◆ **Task to carry out**
Using the records below, quote only the span that opens with the line containing "侯教授认为,章先生的书法具有" and closes with the line containing "U Shaped Desk", exactly and inclusively.

◆ **Source data**
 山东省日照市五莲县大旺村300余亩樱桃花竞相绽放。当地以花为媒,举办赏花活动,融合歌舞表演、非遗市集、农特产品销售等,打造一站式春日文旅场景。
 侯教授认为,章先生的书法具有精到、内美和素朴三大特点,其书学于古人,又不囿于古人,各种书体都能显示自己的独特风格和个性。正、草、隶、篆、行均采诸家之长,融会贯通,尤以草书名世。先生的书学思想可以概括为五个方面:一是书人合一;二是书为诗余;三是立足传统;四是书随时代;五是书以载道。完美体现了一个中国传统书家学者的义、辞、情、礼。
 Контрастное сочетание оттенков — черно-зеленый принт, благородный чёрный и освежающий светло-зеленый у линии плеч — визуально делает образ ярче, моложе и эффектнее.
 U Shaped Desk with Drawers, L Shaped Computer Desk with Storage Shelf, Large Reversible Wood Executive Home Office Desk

* * *

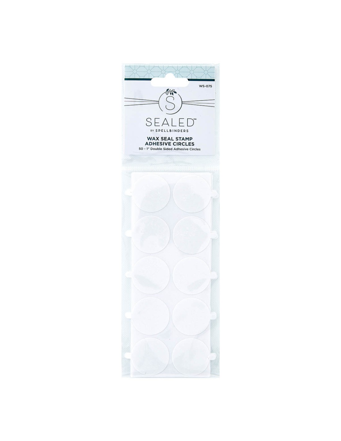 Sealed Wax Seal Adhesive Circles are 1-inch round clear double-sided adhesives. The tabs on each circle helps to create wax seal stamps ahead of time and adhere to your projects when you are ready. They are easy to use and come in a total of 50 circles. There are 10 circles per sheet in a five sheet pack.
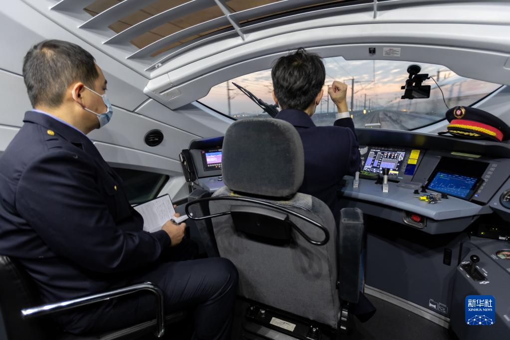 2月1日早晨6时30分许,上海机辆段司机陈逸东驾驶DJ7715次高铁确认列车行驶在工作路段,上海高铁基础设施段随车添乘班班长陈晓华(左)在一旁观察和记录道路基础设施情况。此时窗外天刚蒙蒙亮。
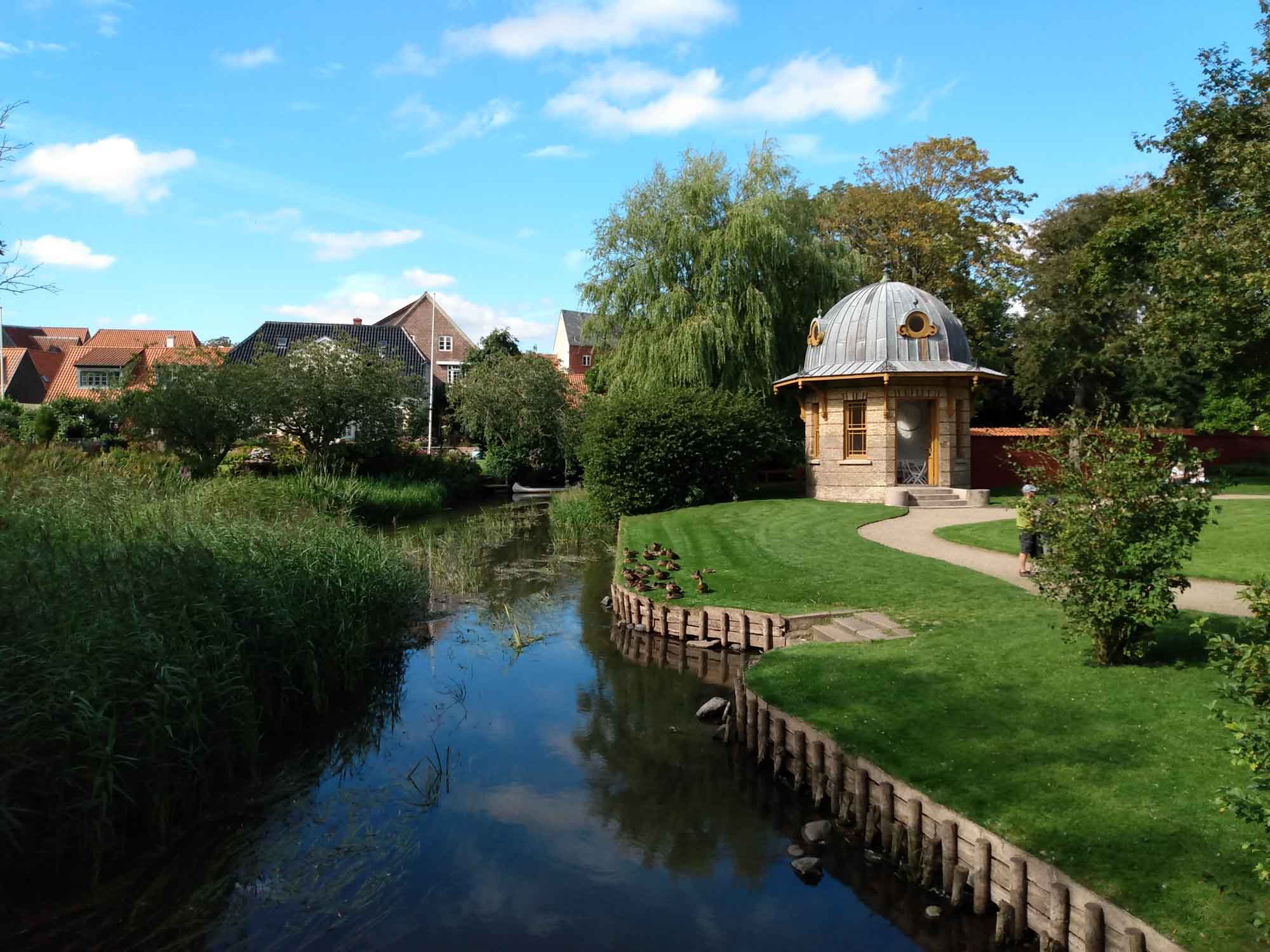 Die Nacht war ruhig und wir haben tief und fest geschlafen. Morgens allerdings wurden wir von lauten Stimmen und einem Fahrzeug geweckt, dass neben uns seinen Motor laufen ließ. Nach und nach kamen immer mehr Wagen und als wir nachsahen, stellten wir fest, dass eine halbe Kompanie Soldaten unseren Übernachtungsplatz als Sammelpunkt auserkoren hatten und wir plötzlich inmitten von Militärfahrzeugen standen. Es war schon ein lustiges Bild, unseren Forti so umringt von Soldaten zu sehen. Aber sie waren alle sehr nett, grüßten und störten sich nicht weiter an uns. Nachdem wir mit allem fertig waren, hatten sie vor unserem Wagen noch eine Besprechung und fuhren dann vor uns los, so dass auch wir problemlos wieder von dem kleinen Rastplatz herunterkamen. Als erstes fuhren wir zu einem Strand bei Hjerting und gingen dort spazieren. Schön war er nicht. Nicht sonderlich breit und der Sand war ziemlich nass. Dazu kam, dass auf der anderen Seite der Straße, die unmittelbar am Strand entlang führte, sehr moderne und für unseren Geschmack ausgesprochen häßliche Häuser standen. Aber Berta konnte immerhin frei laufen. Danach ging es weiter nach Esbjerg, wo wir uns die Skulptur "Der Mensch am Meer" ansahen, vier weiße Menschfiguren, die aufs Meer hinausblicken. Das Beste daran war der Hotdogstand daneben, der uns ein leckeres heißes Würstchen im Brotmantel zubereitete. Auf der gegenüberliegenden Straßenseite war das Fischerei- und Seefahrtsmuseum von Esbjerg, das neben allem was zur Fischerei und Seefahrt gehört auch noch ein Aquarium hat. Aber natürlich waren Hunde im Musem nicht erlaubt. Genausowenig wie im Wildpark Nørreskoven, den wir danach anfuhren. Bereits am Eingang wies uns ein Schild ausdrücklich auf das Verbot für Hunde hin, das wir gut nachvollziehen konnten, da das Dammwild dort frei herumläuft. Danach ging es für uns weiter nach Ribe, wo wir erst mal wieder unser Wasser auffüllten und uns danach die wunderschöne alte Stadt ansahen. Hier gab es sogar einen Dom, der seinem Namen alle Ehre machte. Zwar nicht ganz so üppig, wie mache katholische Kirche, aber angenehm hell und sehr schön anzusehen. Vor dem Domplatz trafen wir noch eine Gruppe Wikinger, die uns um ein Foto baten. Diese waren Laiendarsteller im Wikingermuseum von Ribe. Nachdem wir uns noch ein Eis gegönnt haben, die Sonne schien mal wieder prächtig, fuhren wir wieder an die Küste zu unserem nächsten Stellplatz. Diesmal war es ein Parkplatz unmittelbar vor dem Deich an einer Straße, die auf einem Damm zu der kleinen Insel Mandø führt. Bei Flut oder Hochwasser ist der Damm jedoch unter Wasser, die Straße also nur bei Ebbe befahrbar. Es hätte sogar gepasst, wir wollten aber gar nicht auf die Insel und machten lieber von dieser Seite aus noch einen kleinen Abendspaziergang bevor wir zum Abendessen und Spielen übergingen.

◆ **Written solution**
 侯教授认为,章先生的书法具有精到、内美和素朴三大特点,其书学于古人,又不囿于古人,各种书体都能显示自己的独特风格和个性。正、草、隶、篆、行均采诸家之长,融会贯通,尤以草书名世。先生的书学思想可以概括为五个方面:一是书人合一;二是书为诗余;三是立足传统;四是书随时代;五是书以载道。完美体现了一个中国传统书家学者的义、辞、情、礼。
 Контрастное сочетание оттенков — черно-зеленый принт, благородный чёрный и освежающий светло-зеленый у линии плеч — визуально делает образ ярче, моложе и эффектнее.
 U Shaped Desk with Drawers, L Shaped Computer Desk with Storage Shelf, Large Reversible Wood Executive Home Office Desk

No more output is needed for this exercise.